Aside from this, the car sent on location was a transport vehicle, without defibrillator, while in the Ambulance Service motor pool there were cars equipped for emergency intervention, but the keys to one of them were with the driver who was off duty, while the other ambulance was only used by a certain driver, who was not at work.
The patient went into cardiac arrest soon after the nurse arrived. The nurse did not know what the resuscitation procedures are and she said that she was not supposed to resuscitate a patient since she was there only to perform transportation,” Arafat added.
The deputy secretary of state went to Giurgiu, Wednesday evening, accompanied by local authorities.

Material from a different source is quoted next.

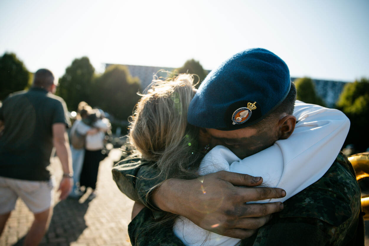 Nadat de groep zich opstelde op het centrale plein, werden ze toegesproken door de commandant Sector Basis Opleidingen. Daarna was het zover: de helmen mochten af en de blauwe baretten op. De welverdiende beloning voor het succesvol afronden van hun groene periode en het teken om daarna familie en vrienden in de armen te vallen.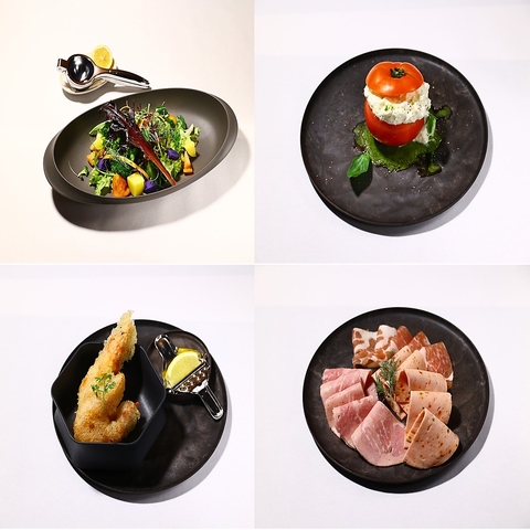 ・本日のこだわり野菜のフレッシュサラダ~柑橘生絞り~季節により柑橘は変わります。・丸ごとトマトのストラチャテッラ愛知県産トマトを丸ごと使用・海老のフリット白姫海老を使用♪頭から尻尾まで丸かじりOK♪・田原ポークのハム3種盛田原市からの贈り物♪3種類の食べ比べ♪

A control revealed serious violations of the rules, including obsolete equipment.
Harsh sanctions were issued, including the dismissal of the Ambulance Service chief, salary cuts for a period of three months and warnings.
Romanian health minister Eugen Nicolaescu said that other controls were performed at ambulance services.
“Now I understand why people die in the interval between the call to the ambulance and the arrival of help on location. To avoid such situations, we have decided to standardize emergency medicine, namely to impose some very clear rules that need to be observed. This is, if you will, a militarization of the professional act,” the minister concluded.